SimpleQuery can build common aggregate expressions without hand-writing each SQL expression.

Company.simple_query
       .count
       .sum(:annual_revenue)
       .avg(:annual_revenue)
       .min(:annual_revenue)
       .max(:annual_revenue)
       .execute

Custom aliases are supported:

Company.simple_query
       .count(:id, alias_name: "company_count")
       .sum(:annual_revenue, alias_name: "total_revenue")
       .execute

Grouped aggregations work with selected fields:

Company.simple_query
       .select(:industry)
       .count(alias_name: "company_count")
       .sum(:annual_revenue, alias_name: "total_revenue")
       .group(:industry)
       .execute

Convenience helpers include:

Company.simple_query.stats(:annual_revenue).execute
Company.simple_query.total_count.execute
User.simple_query.variance(:score).stddev(:score).execute
User.simple_query.group_concat(:name, separator: ", ").execute

For database-specific expressions, use custom_aggregation with trusted SQL:

Company.simple_query
       .custom_aggregation("COUNT(DISTINCT industry)", "unique_industries")
       .execute

Custom read models

By default, query results are returned as Struct objects. For named methods and domain-specific result objects, define a read model:

class UserSummary < SimpleQuery::ReadModel
  attribute :identifier, column: :id
  attribute :full_name, column: :name
end

Map query results to the read model:

users = User.simple_query
            .select("users.id AS id", "users.name AS name")
            .where(active: true)
            .map_to(UserSummary)
            .execute

users.first.identifier
users.first.full_name

The selected SQL aliases must match the read model's configured column names.

Named scopes

Use simple_scope to define reusable query fragments on a model that includes SimpleQuery:

class User < ActiveRecord::Base
  include SimpleQuery

  simple_scope :active do
    where(active: true)
  end

  simple_scope :admins, -> { where(admin: true) }

  simple_scope :by_name do |name|
    where(name: name)
  end
end

Scopes are evaluated in the context of the SimpleQuery builder and can be chained with the normal DSL:

User.simple_query
    .active
    .admins
    .by_name("Jane Doe")
    .select(:id, :name)
    .execute

SimpleQuery validates positional scope arguments before invoking the scope body. If a scope is called with too few or too many positional arguments, it raises ArgumentError with the scope name and expected argument count. For scopes that declare Ruby keyword parameters, SimpleQuery forwards keywords to the scope body and lets Ruby raise its native keyword-argument errors.

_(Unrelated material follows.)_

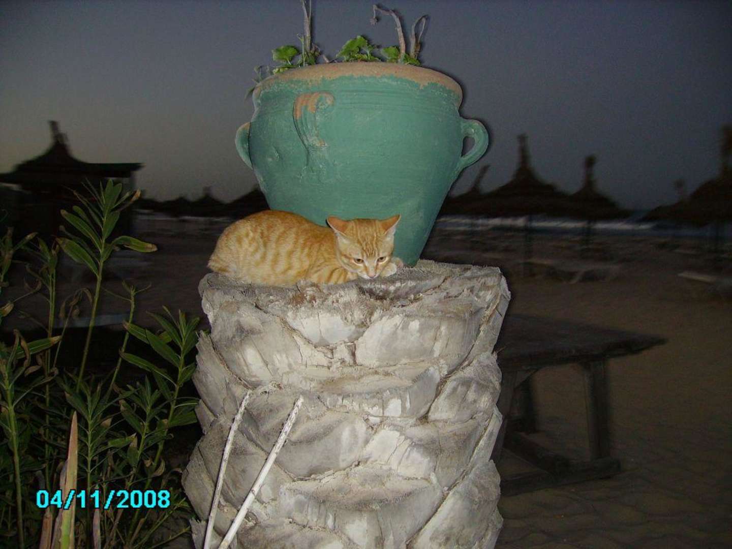 netter Schnappschuss mit Katze am Strand

Lazy execution and streaming

lazy_execute returns an Enumerator over the query results:

enumerator = User.simple_query
                 .select(:name)
                 .where(active: true)
                 .lazy_execute

enumerator.each do |user|
  puts user.name
end

lazy_execute is useful when you want enumerator-style consumption, but it still uses ActiveRecord's select_all internally.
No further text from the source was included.